The ultimate test of any values statement is whether the company's employees follow it daily. Institutionalization is the process that brings a values statement to life, and decisive executive action, codes of conduct, and operational audits all play an important role in this process.
Sustaining Values across Generations
If a company is to sustain its moral values over time, it must impart them to successive generations of leaders. This requires the firm to take steps to create congruence between the organization's moral ideals and the moral ideals embraced by its future leaders. Absent such an alignment, the firm's new leaders will allow the firm's values to wind down over time, or will replace them outright with values more congenial to their viewpoints.
Sustaining values assumes clarity about orientation and effectiveness at institutionalization. But it also requires organizations to carefully address other activities as well—for example, management development and succession planning for executive positions.
Creative approaches to management development can promote greater alignment between the organization's values and the values of its employees. Some companies offer seminars designed to help managers better understand the relevance of its values statement to business decisions. These workshops may feature case studies drawn from the organization's history. Participants also bring to the session challenges they currently face.

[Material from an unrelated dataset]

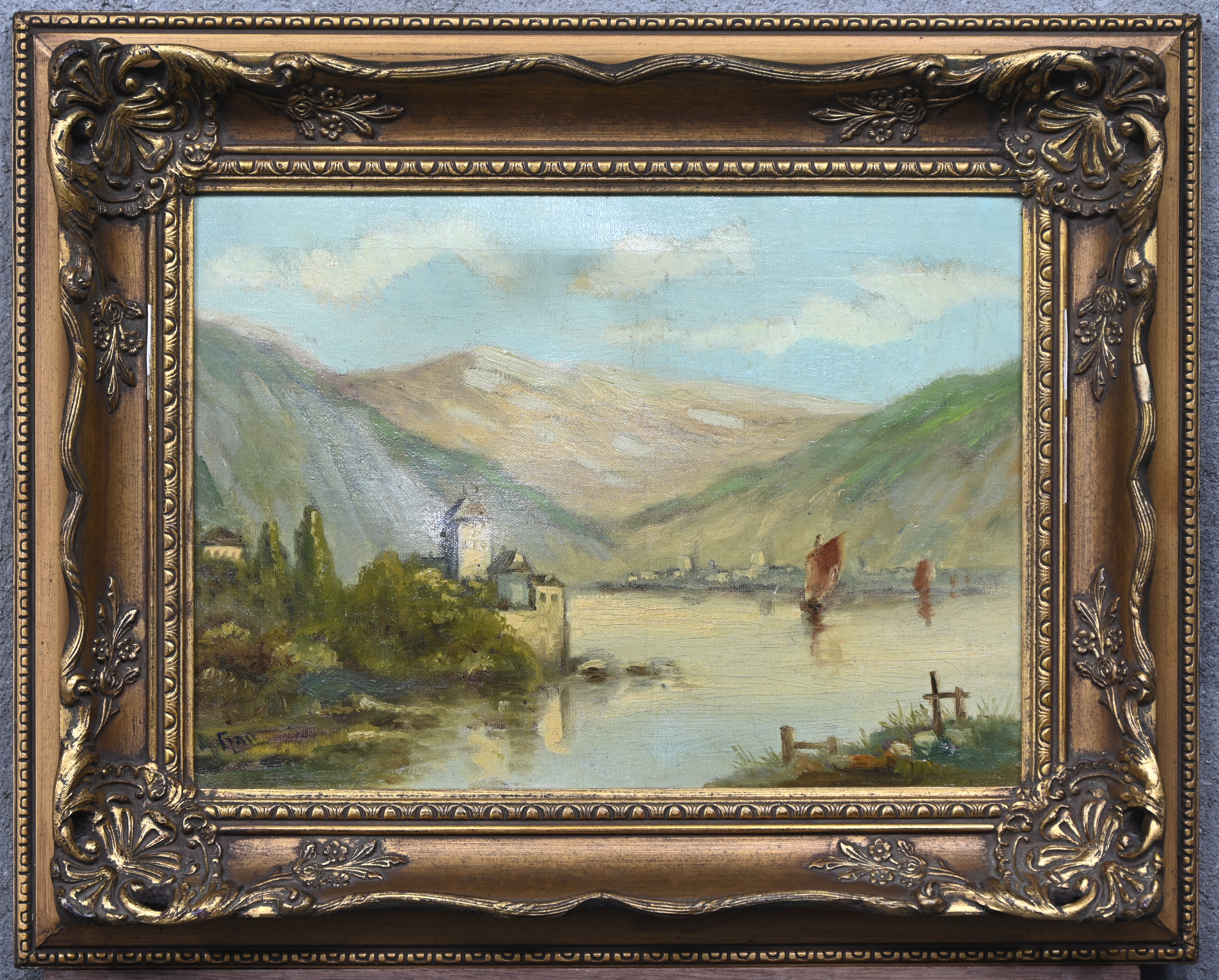 "Windmill by the Waterside," a painting, oil on canvas in a gilt frame, signed. -

Typically, the topics raised by participants vary widely, addressing such diverse issues as the ethics of gathering competitive intelligence, maintaining pay equity among employees working in different parts of a multinational enterprise, and the circumstances under which the organization has an obligation to disclose product defects to its customers. The challenges are discussed by the class, which then attempts to formulate a values-based resolution. Managers come away from such events with greater skill in applying the organization's values to operational and strategic decisions.

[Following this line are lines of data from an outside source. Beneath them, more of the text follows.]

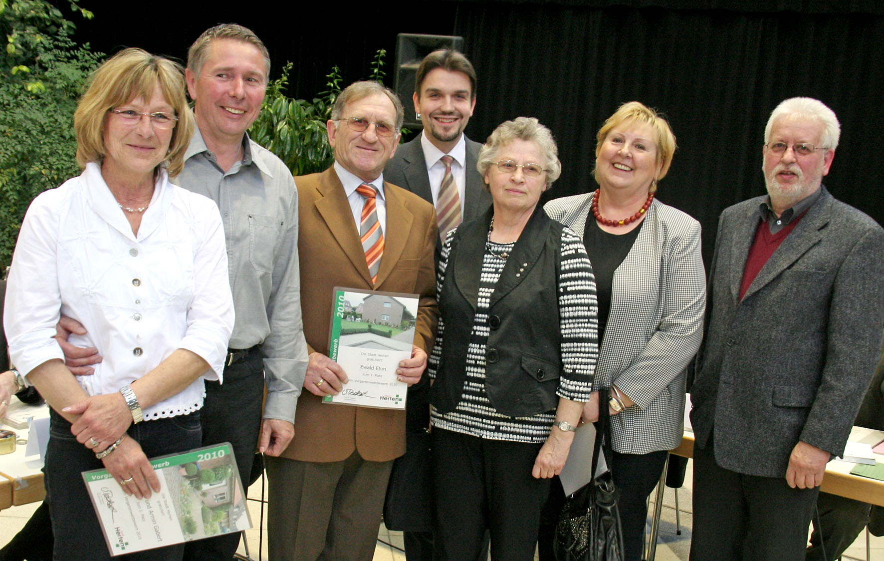 Bürgermeister Dr. Uli Paetzel und Stadtbildpfleger Egon Walberg (re.) kürten die Gewinner des Vorgartenwettbewerbs (v. li.): Den zweiten Platz belegten Angelika und Armin Gabert, den ersten Platz holte Ewald Ehm mit seiner Frau Edith und der dritte Platz ging an Longine Tiemann.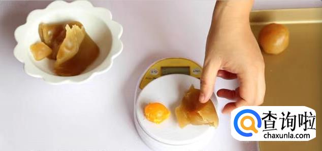 1个小时后取出月饼皮,称重20克。然后把月饼皮揉成球放在一旁。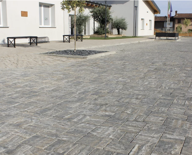 CASSIA est un bloc autobloquant multiformat composé de 5 éléments caractérisés par une surface à la texture irrégulière, rappelant la pierre fendue. Convient à toute utilisation prévue.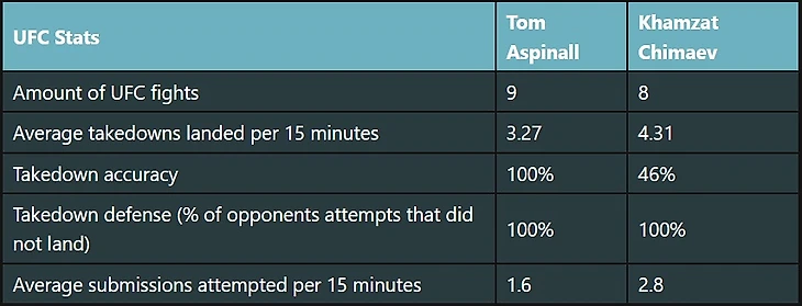 На фоне доминирования Чимаева часто вспоминают и Тома Аспиналла — чемпиона тяжелого веса, который тоже демонстрирует невероятную эффективность в октагоне.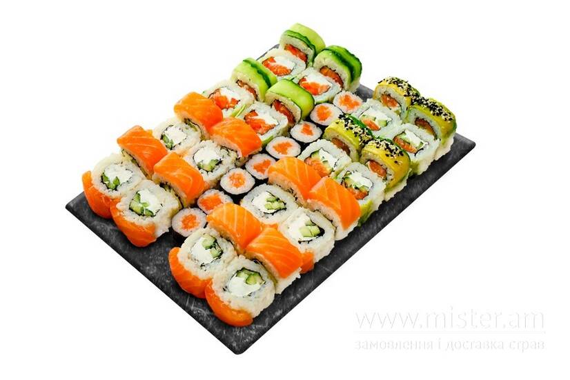 Філадельфія Лайт 2 порц., Фреш Рол, Зелений Дракон з лососем, макі з лососем, імбир, васабі, соєвий соус.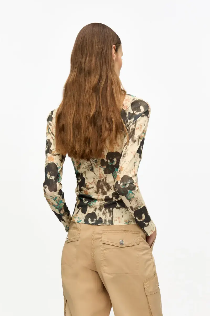 These trousers feature belt loops, a zip and button closure, a small front pocket, two side cargo pockets, back pockets and drawstring at the ankles.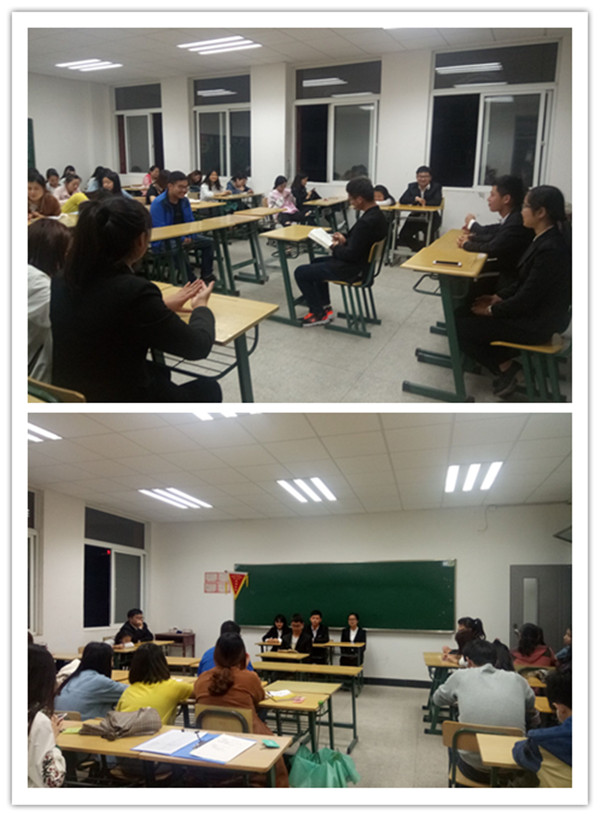 为了提高青少年的思想政治素质,增强拒腐防变能力。2017年5月15日晚7:00经济贸易系16级会计三班在4504教室开展了模拟反腐法庭的团旗活动。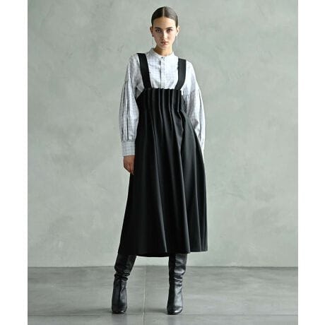 前ウエストの立体的なタックがモードな雰囲気のサスペンダー付きスカート。

In addition, since senior leaders are in a unique position to influence an organization's values, it is particularly important that the selection criteria for these roles account for both traditional business qualifications—such as economic performance, intelligence, and leadership skills—and less typical ones—such as personal and professional integrity, and alignment of personal beliefs with the organization's value system. The organization's leaders must work with its board of directors to identify and explicate these atypical criteria, and to determine how key managers will be evaluated and tracked against them. Only by doing so can they hope to ensure that future leadership appointments will preserve, not erode, the firm's value system.
It is sometimes said that there is nothing as practical as a good idea. For leaders creating new organizations, Goodpaster's framework suggests a way forward, a pathway toward the creation of a culture that supports ethical conduct. For executives leading established organizations, it provides a useful reference point, one that can help them critically examine the actions they have taken already to address a leadership challenge that is both daunting and vital.
1. 2004 Federal Sentencing Guideline Manual (Washington, DC: United States Sentencing Commission, 2004); available from Internet: www.ussc.gov/2004guid/TABCON04.htm.
2. KE Goodpaster, “Ethical Imperatives and Corporate Leadership,” Ethics in Practice: Managing the Moral Corporation (Boston: Harvard Business School Press, 1989): 212–218.
T. Dean Maines is president of the SAIP Institute at the University of St. Thomas Opus College of Business (Minneapolis).